The ACT government is considering changing a law which could come into place prior the retrial of former Liberal staffer Bruce Lehrmann after an “anomaly” was noted by the Director of Public Prosecutions.
Alleged victims of sexual assault are given the choice to give evidence in the courtroom or have it recorded in a remote witness room by audiovisual link.
However, only those who have chosen to have their evidence recorded in the remote room are allowed to have it resused in a retrial.
Those who choose to give evidence in person are faced with the prospect of having to face court again, something that’s described as a “structural cost” to witnesses, according to ACT Director of Public Prosecutions Shane Drumgold.

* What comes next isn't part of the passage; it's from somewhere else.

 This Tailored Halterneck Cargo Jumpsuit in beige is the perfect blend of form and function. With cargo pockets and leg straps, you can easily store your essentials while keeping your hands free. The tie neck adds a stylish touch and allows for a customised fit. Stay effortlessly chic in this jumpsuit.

“In the case of a retrial, the power to rely on the recorded evidence is limited to where a relevant witness does not elect to give evidence in the courtroom,” Mr Drumgold said in a letter to the ACT Attorney-General Shane Rattenbury.

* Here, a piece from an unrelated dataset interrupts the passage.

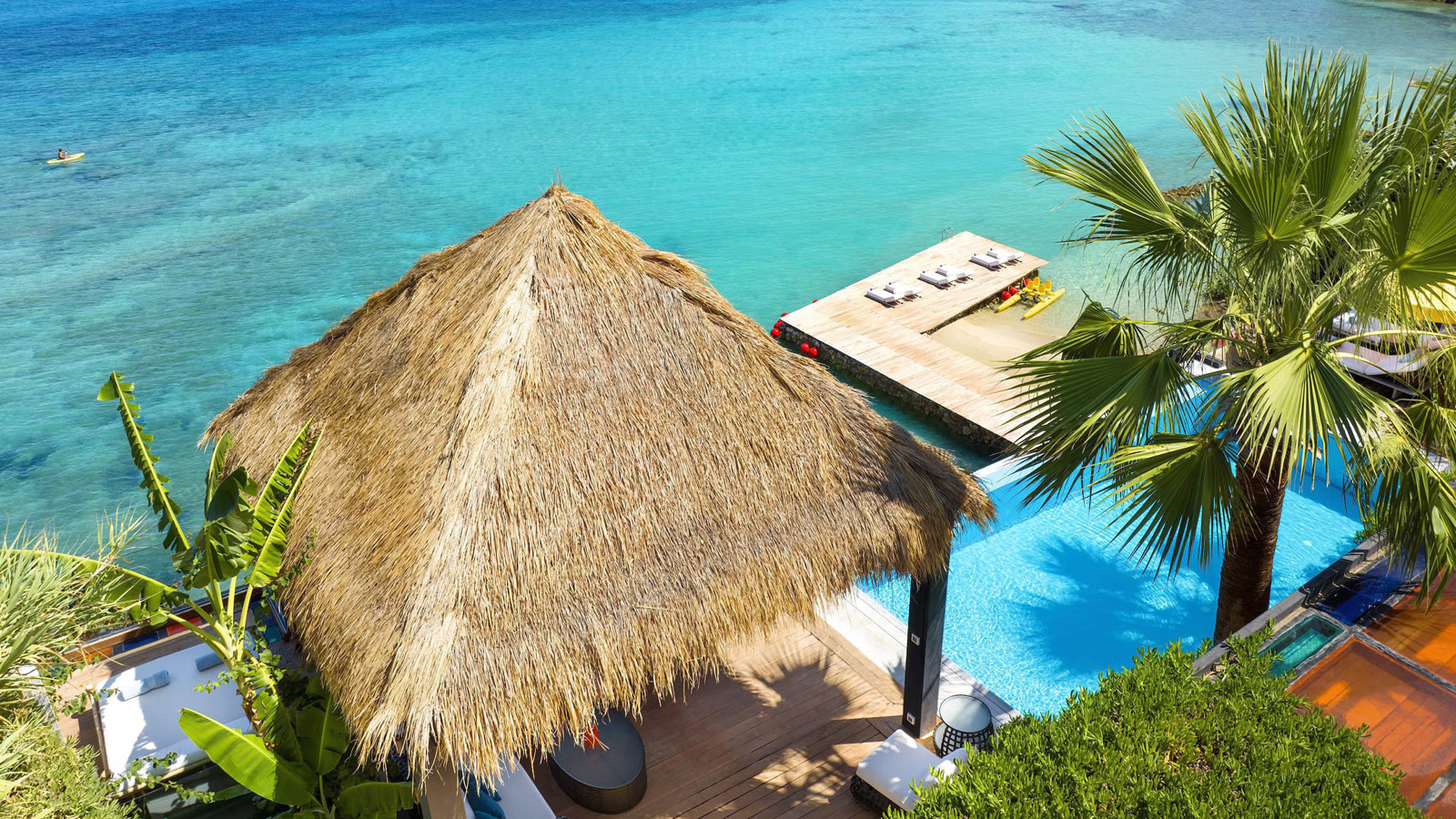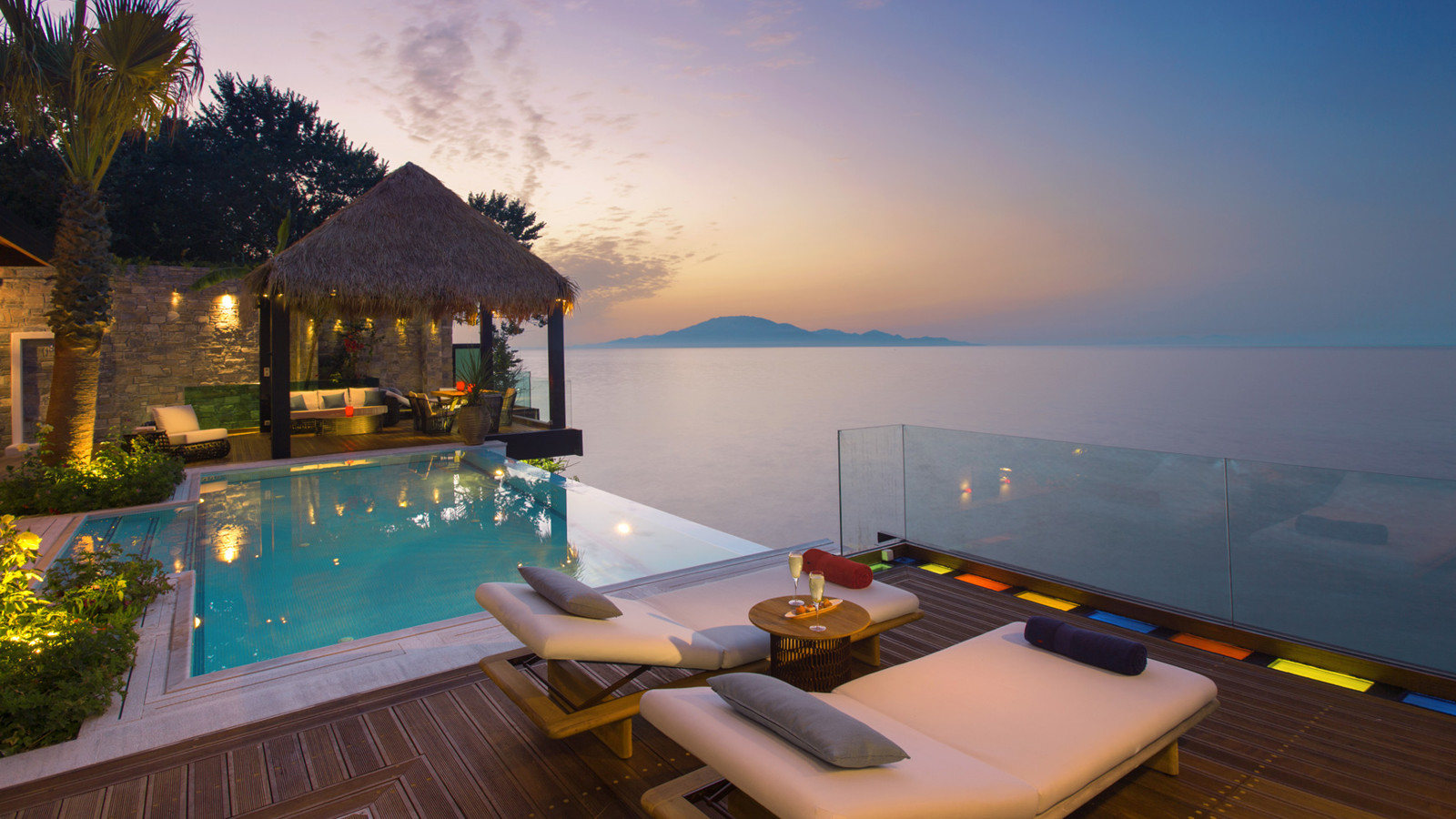 Femstjärniga Porto Zante Villas & Spa klassades ännu en gång som ett av Europas bästa hotell av resemagasinet Condé Nast Traveller 2024. Vi förstår varför. Beläget på en privat liten strand i en avskild bukt på ön Zakynthos, strax väster om det grekiska fastlandet, är det här boutiquehotellet unikt i sitt slag. Här finner du enbart nio luxuösa villor, med egen uppvärmd pool, privat trädgård och rymliga badrum klädda i marmor. Du anländer med hotellets privata och kostnadsfria limousintjänst direkt från flygplatsen och välkomnas med bubblig champagne och frukt, skönhetsartiklar av märket Bvlgari och badrockar av Armani Casa. Samtliga villor erbjuder mellan ett och fyra sovrum och har utsikt över det magiskt vackra havet, med turkost och klart vatten, klippor och blågröna öar vid horisontens rand. Precis invid stranden hittar du hotellets spa, som erbjuder över 20 olika holistiska naturliga och effektiva behandlingar som kombinerar naturliga produkter med en nyskapande behandlingsteknik. Resorten har även ett gym med en personlig tränare. Vare sig du väljer en lugn dag på hotellet, vill simma med havssköldpaddor, kryssa till Kefalonia med en privat lyxjakt eller besöka världskända Navagio Beach, gör den professionella personalen sitt yttersta för att få alla gäster att känna sig speciella och utvalda. På restaurang Club House kan du njuta av klassiska grekiska rätter såväl som andra medelhavsrätter i en avkopplande strandmiljö. Restaurang Maya serverar modern asiatisk mat i japansk och thailändsk stil. Rumsservice finns tillgängligt dygnet runt och erbjuder nylagad frukost, lätta tilltugg och à la carte-middag, som du kan avnjuta i enskildhet i din egen villa. Vill du se lite folk, sippa på ett glas champagne och lyssna på pianomusik, rekommenderar vi The Club House Bar.

“In other words, there appears to be a structural cost to a witness choosing to give evidence in a courtroom.”
The law could be changed before Bruce Lehrmann is due to face court again after the high profile rape trial was aborted earlier this year.
Chief Justice Lucy McCallum was forced to discharge all 12 jurors in the trial after an academic paper was found in one of their belongings.

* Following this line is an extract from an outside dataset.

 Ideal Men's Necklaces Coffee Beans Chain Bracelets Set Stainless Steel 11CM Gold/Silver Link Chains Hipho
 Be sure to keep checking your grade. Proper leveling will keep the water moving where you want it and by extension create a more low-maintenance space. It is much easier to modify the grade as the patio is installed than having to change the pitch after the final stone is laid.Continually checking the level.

Mr Lehrmann is accused of raping former Liberal staffer Brittany Higgins at Parliament House.
Mr Lehrmann, 27, has pleaded not guilty to sexual intercourse with Ms Higgins without her consent and being reckless to her consent in the early hours of March 23, 2019.
Ms Higgins opted to give the majority of her evidence in person in the initial trial, meaning she could be expected to have to face the courtroom again in the retrial if the law isn’t changed.
Mr Drumgold seeks an “urgent amendment” to the law, who argued that there “appears to be no rational reason to treat witnesses who give evidence in the courtroom differently”.
“I have confirmed that there is no technological barrier to recording both visually and audibly when giving evidence in a courtroom, so the limitation in s69(1) [the law] appears an unintended penalty for witnesses, particularly sexual assault complainants who choose to give evidence in the courtroom,” Mr Drumgold said about the law.
The ACT Government has confirmed it is considering amendments to the Evidence Act after Mr Drumgold raised the “systemic omission” related to four cases.
“This proposal reflects the ACT Government’s longstanding commitment to reduce barriers to providing evidence in court proceedings, while maintaining fairness for an accused person,” a spokesperson said.
“A letter regarding the draft bill has been sent to stakeholders for comment, including the lawyers for any parties this law change could affect.
“If the Bill proceeds, we expect it would be debated in the 2023 parliamentary sittings, to allow for the usual time taken for a Committee to consider proposed legislation.”
The new trial is set for February 20 next year, with the ACT’s Legislative Assembly to sit in early February, meaning there is potential for changes to take affect beforehand.